Both ELCI and GFCI detect ground faults but with different trip points. With either one, you do not need the green wire to be connected to the socket for the circuit to trip.
BUT.. the hot and neutral must still be referenced to ground somewhere. Even if the green wire is not present, the nuetral and earth ground will normally be connected back at the fuse box and this establishes the reference to ground.
Say you are in a marina with shore power that is referenced to ground at the marina fuse box. If you measure voltage to ground (and the water will be at ground), you will see zero volts on neutral and 110V on black. If the black wire were to touch the water, current would flow because there is a 110V potential between the black and water. That is a ground fault because that current did not return on the white wire and ELCI or GFCI would trip. Put both black and white in the water. Black has 110VAC to the water, White has near 0 VAC to the water. Lots more current flows from the black to the water than from the white. Ground fault again.. ELCI or GFCI would trip.
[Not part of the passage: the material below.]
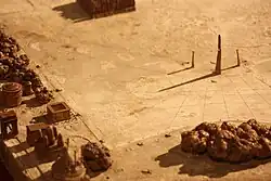 The model serves as an educational tool for detailed presentations and for exhibitions aimed at the general public outside school hours. Documents on the buildings are projected simultaneously with their illumination on the model.[146] The model is no longer used as a teaching aid for urban planning, as Lacoste had intended.[147] Françoise Lecocq notes the presence of Astérix and Obélix figurines in the Grand Circus arena.[148] The model, which has been continuously exhibited and maintained since 1950, underwent renovation in 2003-2004 during the "From Pompeii to Rome" exhibition.[82]

But now lets say we have a truly isolated power source with just black and white such as you might have with a genset comletely missing the ground (or it is truly floating). If you were to put just the hot black wire in the water, there is no ground path or return circuit. No current would flow. It would be like putting your tongue on only one terminal of a 9 volt battery. Nothing happens. You have to touch both terminals to get current flow. If you put both black and white wires in the water of this completely floating power source, you would measure something similar to the 62 volts mentioned earlier. You would see 62 volts from hot to the water and 62 volts from the white to the water. Current would be flowing between the hot and neutral through the water but it would be balanced and equal. All the current flowing would be between the black and white wires like normally happens with a load. So no ELCI/ GFCI trip.
I have not looked at those generators to tell if the ground is actually completely floating from hot and neutral. There may be some trick that the generator uses for that ground (like capacities coupling which could trip GFCI with a transient fault) but if the hot and neutral are truly completely isolated from hot and ground, I dont see how either ELCI or GFCI could trip.